Pictures are to be dropped from the copy. Retype the listing exactly.

■ **RECORDS TO USE**
┄┄┄┄┄┄┄┄┄┄

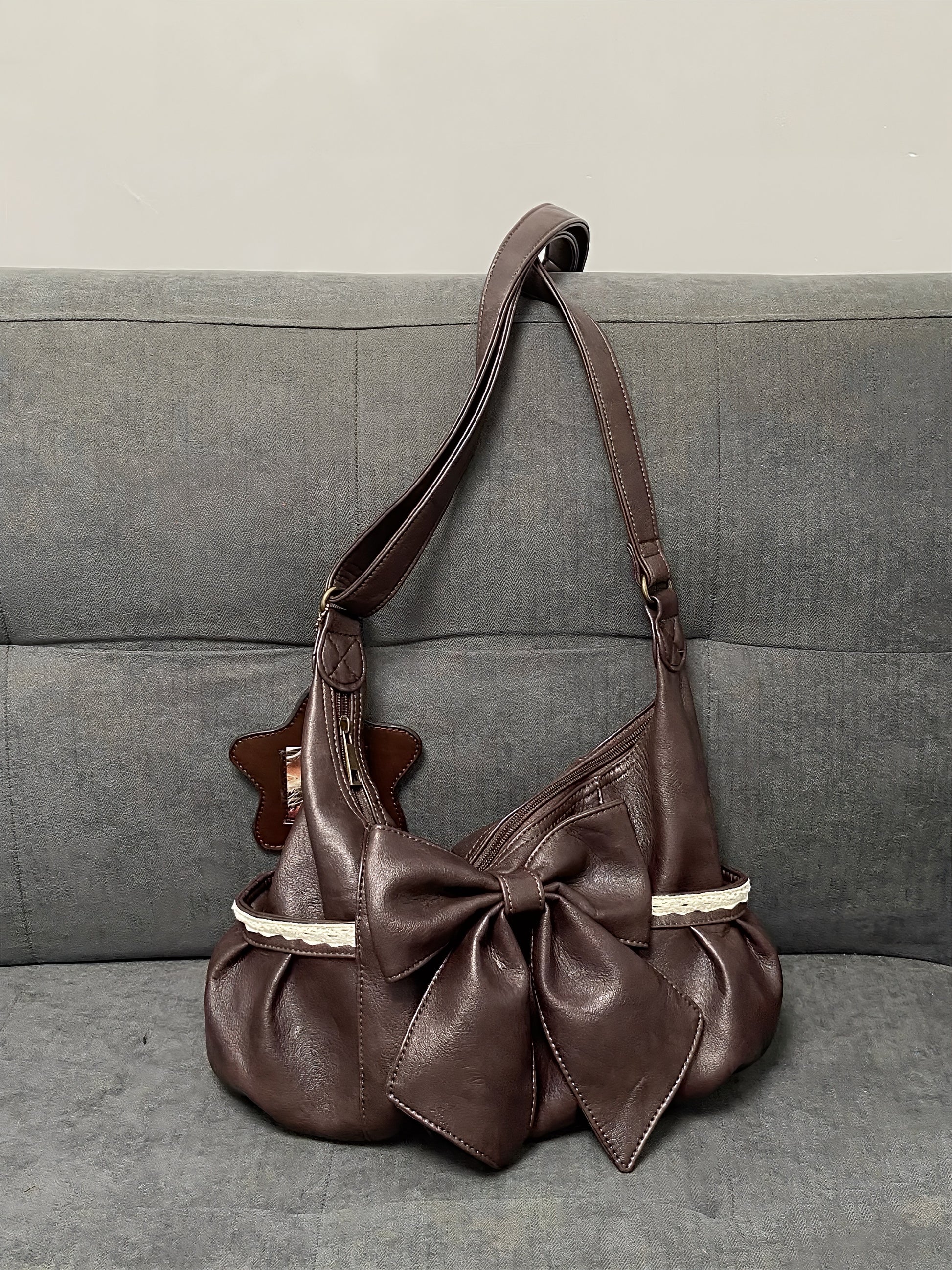 The Mocha Lace Shoulder Bag blends soft vintage charm with everyday practicality. Designed in a deep cocoa brown, it features an oversized statement bow that instantly elevates any outfit. The subtle lace trim adds a delicate feminine touch, creating a perfect balance of cute and classic.
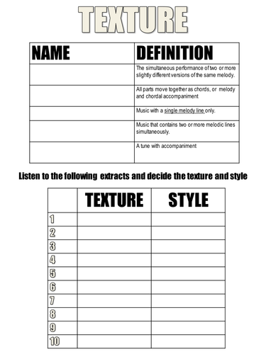 Piano teaching music worksheets rhythms rhythm worksheets elementary music classroom musical texture musical texture refers to the number of layers that is heard when an individual. If your third or fourth grader is starting to think about taking up a musical instrument, help him get the basics of. A collection of downloadable worksheets, exercises and activities to teach music, shared by english language teachers. Musical texture worksheet interactive worksheets maker. We can say a piece of music has an open or closed texture, or a thick or thin texture, for instance.
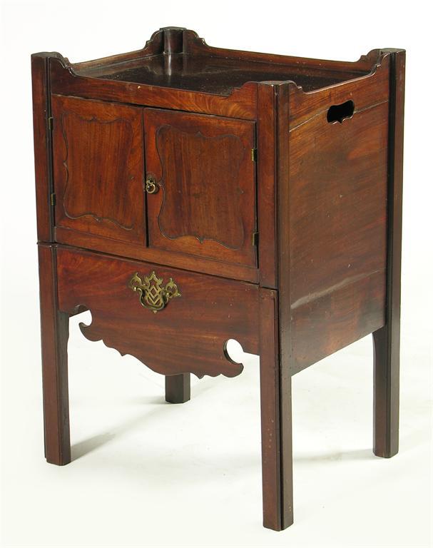 A George III mahogany bedside commode, the supports previously rondel capped, the pull out base, converted to a shallow drawer, 32in (81.2cm), 22.25in (56.5cm) h, 17in (43.2cm) d.
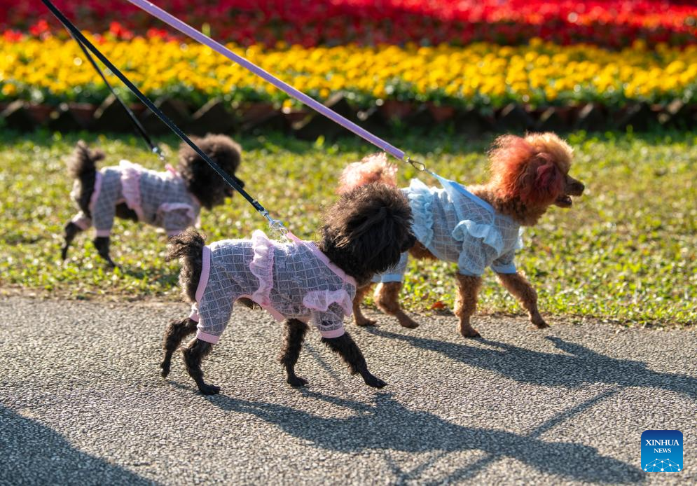 Citizens walk dogs at a park in Qionghai City, south China's Hainan Province, Jan. 9, 2026. (Photo by Meng Zhongde/Xinhua)
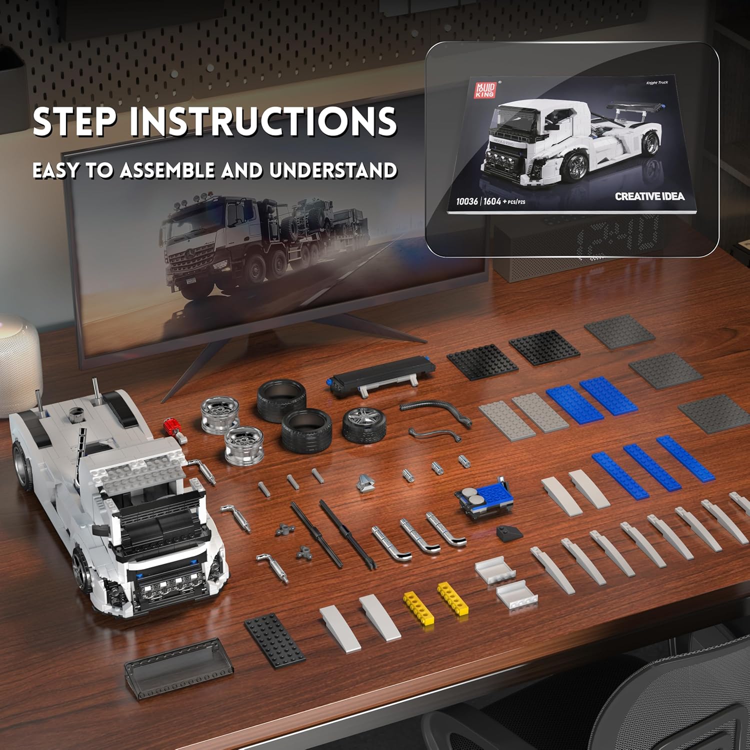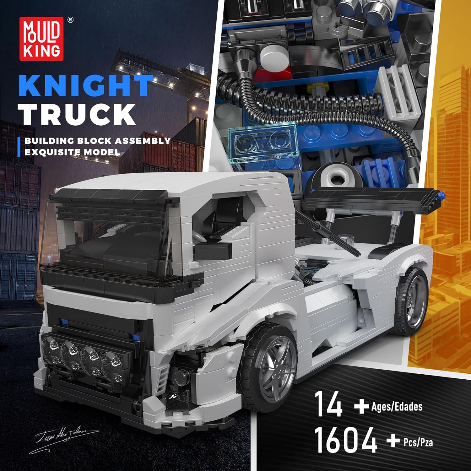 Mould King Einzigartiges Ritter-Truck-Design – Dieses MOC Rennsport-Truck-Bausteinmodell vereint Elemente von Rennwagen und Schwerlast-Lkw. Mit einem aerodynamischen Karosseriedesign und einem markanten Heckflügel verkörpert es einen echten Wettbewerbsstil.Realistische Mechanik – Der integrierte V8-Motor simuliert die Bewegung der Kolben und bietet zahlreiche detailreiche Elemente, die den mechanischen Charme eines echten Rennsport-Trucks widerspiegeln und ein immersives Bauerlebnis schaffen. Die Karosserie ist aerodynamisch gestaltet und mit einem beeindruckenden Heckflügel sowie einer sportlichen Frontpartie ausgestattet, um das kraftvolle Erscheinungsbild eines Hochleistungs-Renntrucks nachzubilden. Das robuste Chassis mit hochwertigen Gummireifen sorgt nicht nur für Stabilität nach dem Zusammenbau, sondern ermöglicht auch ein reibungsloses Rollen. Zudem lassen sich die Türen öffnen, was die Interaktivität weiter erhöht. 【Lernspielzeug für Bauwissenschaften】 Das Spielzeugset enthält viele Bausteine, alle Komponenten sind sortiert und sorgfältig verpackt, damit sie nicht verloren gehen. Eine Montageanleitung ist enthalten, sodass Sie mit jedem Schritt beginnen können. Kompatibel mit den meisten ähnlichen Bausteinen auf dem Markt, mit starker Skalierbarkeit. Das beste Heimlernspiel für alle. Es wird eine großartige Eltern-Kind-Zeit sein, um mit den Kindern zu spielen. 【Bestes Pädagogisches 】 Dieser Bausatz ist ein tolles für Jungen und Mädchen zum Valentinstag/Geburtstag/Vatertag, insbesondere für Kinder, Jugendliche, Erwachsene ab 8, 9, 10, 12, 14 Jahren und älter. Sie sind konsistent, kompatibel, leicht zu verbinden und fallen nicht leicht auseinander. Er hat alle wünschenswerten Eigenschaften eines zu einem erschwinglichen Preis und ist ein tolles für Geburtstag/ Kindertag/ Weihnachten/ Ostern. 【Hochwertige bunte Schachtel】: Wenn Sie mit Ihrem Kauf nicht zufrieden sind, bieten wir Ihnen eine 1-monatige Geld-zurück-. Jedes einzelne unserer Produkte wird von einer Maschine aufgenommen, und die Verpackung wird erst bestätigt, wenn drei Tests durchgeführt wurden. Wenn Ihrem Bausatz noch Teile fehlen, kontaktieren Sie uns bitte. Wir senden Ihnen die fehlenden Teile zu, vielen Dank im Voraus. | قیمت یورویی : 69€

┄┄┄┄┄┄┄┄┄┄

■ **TASK OUTPUT**
 The Mocha Lace Shoulder Bag blends soft vintage charm with everyday practicality. Designed in a deep cocoa brown, it features an oversized statement bow that instantly elevates any outfit. The subtle lace trim adds a delicate feminine touch, creating a perfect balance of cute and classic.
 Piano teaching music worksheets rhythms rhythm worksheets elementary music classroom musical texture musical texture refers to the number of layers that is heard when an individual. If your third or fourth grader is starting to think about taking up a musical instrument, help him get the basics of. A collection of downloadable worksheets, exercises and activities to teach music, shared by english language teachers. Musical texture worksheet interactive worksheets maker. We can say a piece of music has an open or closed texture, or a thick or thin texture, for instance.
 A George III mahogany bedside commode, the supports previously rondel capped, the pull out base, converted to a shallow drawer, 32in (81.2cm), 22.25in (56.5cm) h, 17in (43.2cm) d.
 Citizens walk dogs at a park in Qionghai City, south China's Hainan Province, Jan. 9, 2026. (Photo by Meng Zhongde/Xinhua)
 Mould King Einzigartiges Ritter-Truck-Design – Dieses MOC Rennsport-Truck-Bausteinmodell vereint Elemente von Rennwagen und Schwerlast-Lkw. Mit einem aerodynamischen Karosseriedesign und einem markanten Heckflügel verkörpert es einen echten Wettbewerbsstil.Realistische Mechanik – Der integrierte V8-Motor simuliert die Bewegung der Kolben und bietet zahlreiche detailreiche Elemente, die den mechanischen Charme eines echten Rennsport-Trucks widerspiegeln und ein immersives Bauerlebnis schaffen. Die Karosserie ist aerodynamisch gestaltet und mit einem beeindruckenden Heckflügel sowie einer sportlichen Frontpartie ausgestattet, um das kraftvolle Erscheinungsbild eines Hochleistungs-Renntrucks nachzubilden. Das robuste Chassis mit hochwertigen Gummireifen sorgt nicht nur für Stabilität nach dem Zusammenbau, sondern ermöglicht auch ein reibungsloses Rollen. Zudem lassen sich die Türen öffnen, was die Interaktivität weiter erhöht. 【Lernspielzeug für Bauwissenschaften】 Das Spielzeugset enthält viele Bausteine, alle Komponenten sind sortiert und sorgfältig verpackt, damit sie nicht verloren gehen. Eine Montageanleitung ist enthalten, sodass Sie mit jedem Schritt beginnen können. Kompatibel mit den meisten ähnlichen Bausteinen auf dem Markt, mit starker Skalierbarkeit. Das beste Heimlernspiel für alle. Es wird eine großartige Eltern-Kind-Zeit sein, um mit den Kindern zu spielen. 【Bestes Pädagogisches 】 Dieser Bausatz ist ein tolles für Jungen und Mädchen zum Valentinstag/Geburtstag/Vatertag, insbesondere für Kinder, Jugendliche, Erwachsene ab 8, 9, 10, 12, 14 Jahren und älter. Sie sind konsistent, kompatibel, leicht zu verbinden und fallen nicht leicht auseinander. Er hat alle wünschenswerten Eigenschaften eines zu einem erschwinglichen Preis und ist ein tolles für Geburtstag/ Kindertag/ Weihnachten/ Ostern. 【Hochwertige bunte Schachtel】: Wenn Sie mit Ihrem Kauf nicht zufrieden sind, bieten wir Ihnen eine 1-monatige Geld-zurück-. Jedes einzelne unserer Produkte wird von einer Maschine aufgenommen, und die Verpackung wird erst bestätigt, wenn drei Tests durchgeführt wurden. Wenn Ihrem Bausatz noch Teile fehlen, kontaktieren Sie uns bitte. Wir senden Ihnen die fehlenden Teile zu, vielen Dank im Voraus. | قیمت یورویی : 69€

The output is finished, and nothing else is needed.